RAW DATA Start Marker
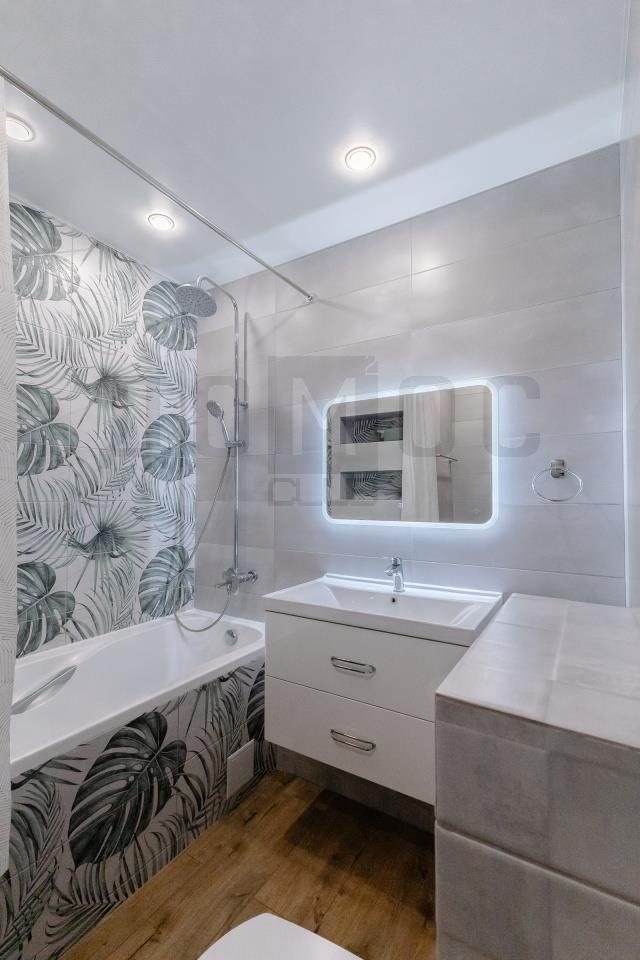 <p>Ванная комната, выполненная в современном стиле, просторная, стильная раковина и зеркало с подсветкой. Раздельный сан узел, с качественным ремонтом.</p>
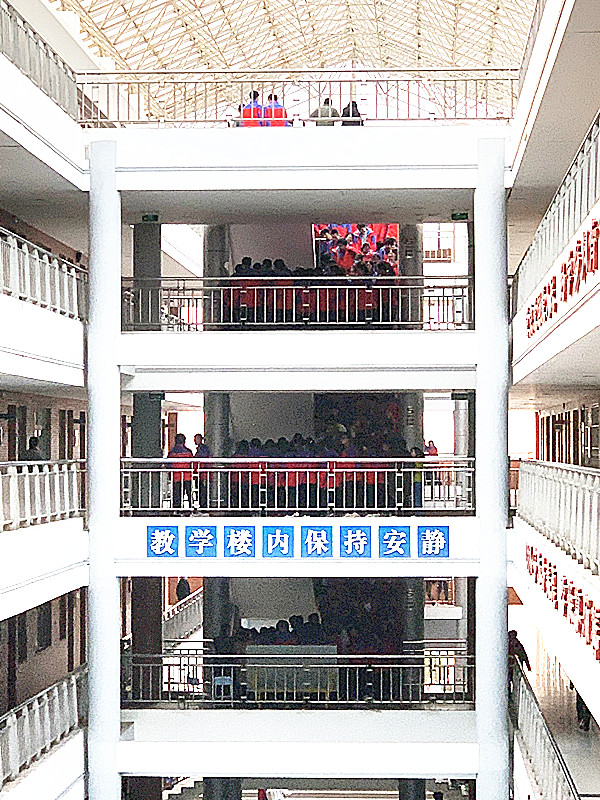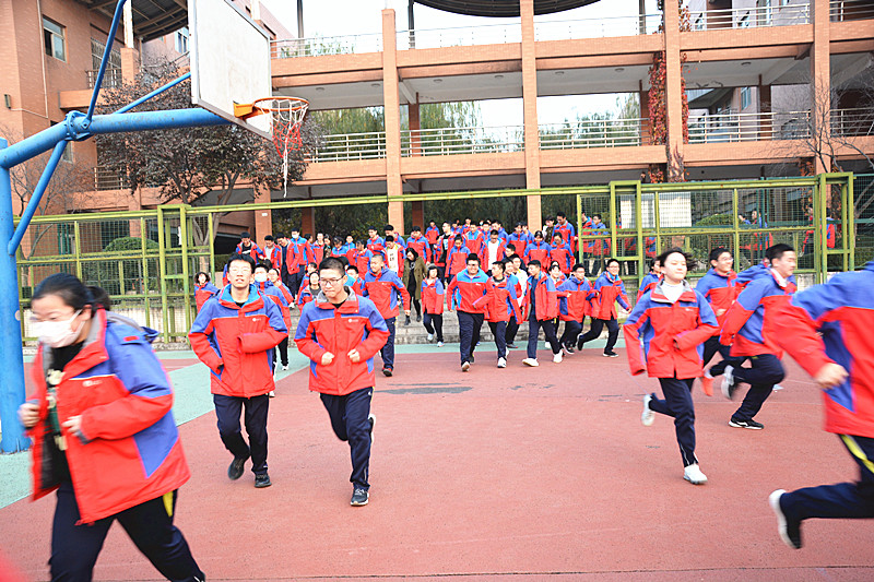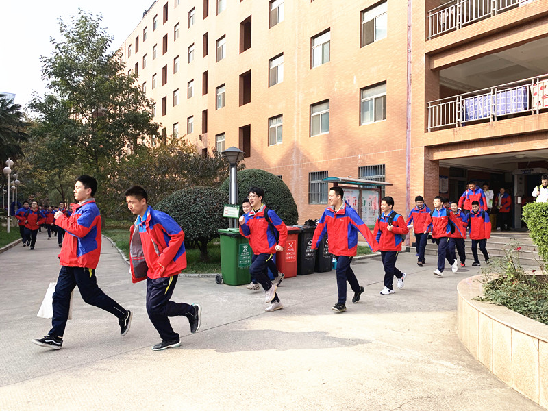 ——宿舍楼紧急疏散演练 作为一所寄宿制学校,我校对宿舍安全问题始终常抓不懈。下午1:50,领导小组成员、各班班主任、工作人员、宿管老师准时到达各自岗位。2:00,宿舍楼内哨声响起,在领导小组成员的统一组织下,各宿舍楼内所有学生迅速有序地撤离,到达指定的安全区域。此次宿舍楼紧急疏散演练共用时3分25秒,安全撤离师生近3000余人。
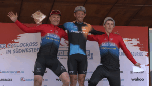 Dann ging es ganz schnell. Die Siegerehrung folgte so schnell dass kaum Zeit blieb für trockene Sachen. Was bei den anderen Klassen zwei Rennen brauchte, nämlich Ergebnisse festzustellen, ging da plötzlich holterdipolter. Wie, es sind alle da? Dann rauf auf’s Treppchen! Wollte da wer fertig werden und nach Hause? Die Vergabe der Führungstrikots erfolgte da fast schon im stillen Kämmerlein. Es war ja das erste Rennen des Elektroland24-Cyclocrosscups, powered by Wahoo. Demnächst macht man in Herxheim weiter und wühlt sich durch die Sandbahn.
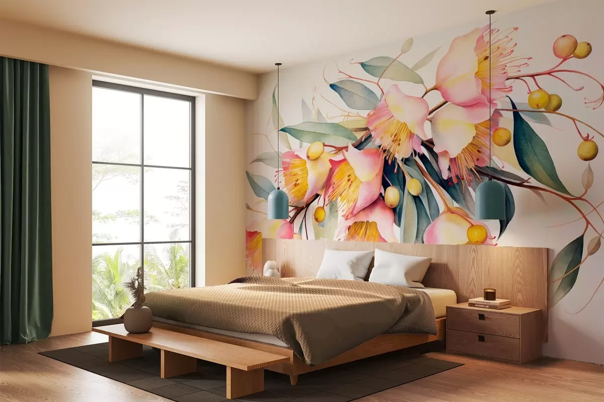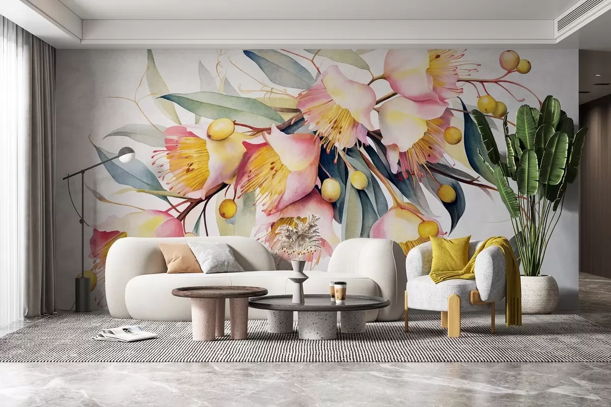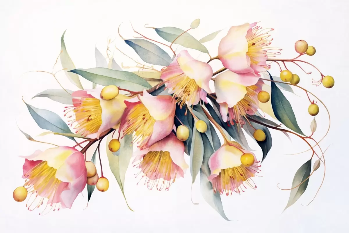 Zidne murale Cvjetovi eukaliptusa sa zelenim lišćem, akvarelni stil, mekani i teksturirani, svijetla pozadina, botanički cvjetni dizajn br. w09202
RAW DATA End Marker
» **REQUIRED WORK**:
Retype the whole listing exactly and leave the pictures out.

» **SOLUTION TO THE EXERCISE**:
 <p>Ванная комната, выполненная в современном стиле, просторная, стильная раковина и зеркало с подсветкой. Раздельный сан узел, с качественным ремонтом.</p>
 ——宿舍楼紧急疏散演练 作为一所寄宿制学校,我校对宿舍安全问题始终常抓不懈。下午1:50,领导小组成员、各班班主任、工作人员、宿管老师准时到达各自岗位。2:00,宿舍楼内哨声响起,在领导小组成员的统一组织下,各宿舍楼内所有学生迅速有序地撤离,到达指定的安全区域。此次宿舍楼紧急疏散演练共用时3分25秒,安全撤离师生近3000余人。
 Dann ging es ganz schnell. Die Siegerehrung folgte so schnell dass kaum Zeit blieb für trockene Sachen. Was bei den anderen Klassen zwei Rennen brauchte, nämlich Ergebnisse festzustellen, ging da plötzlich holterdipolter. Wie, es sind alle da? Dann rauf auf’s Treppchen! Wollte da wer fertig werden und nach Hause? Die Vergabe der Führungstrikots erfolgte da fast schon im stillen Kämmerlein. Es war ja das erste Rennen des Elektroland24-Cyclocrosscups, powered by Wahoo. Demnächst macht man in Herxheim weiter und wühlt sich durch die Sandbahn.
 Zidne murale Cvjetovi eukaliptusa sa zelenim lišćem, akvarelni stil, mekani i teksturirani, svijetla pozadina, botanički cvjetni dizajn br. w09202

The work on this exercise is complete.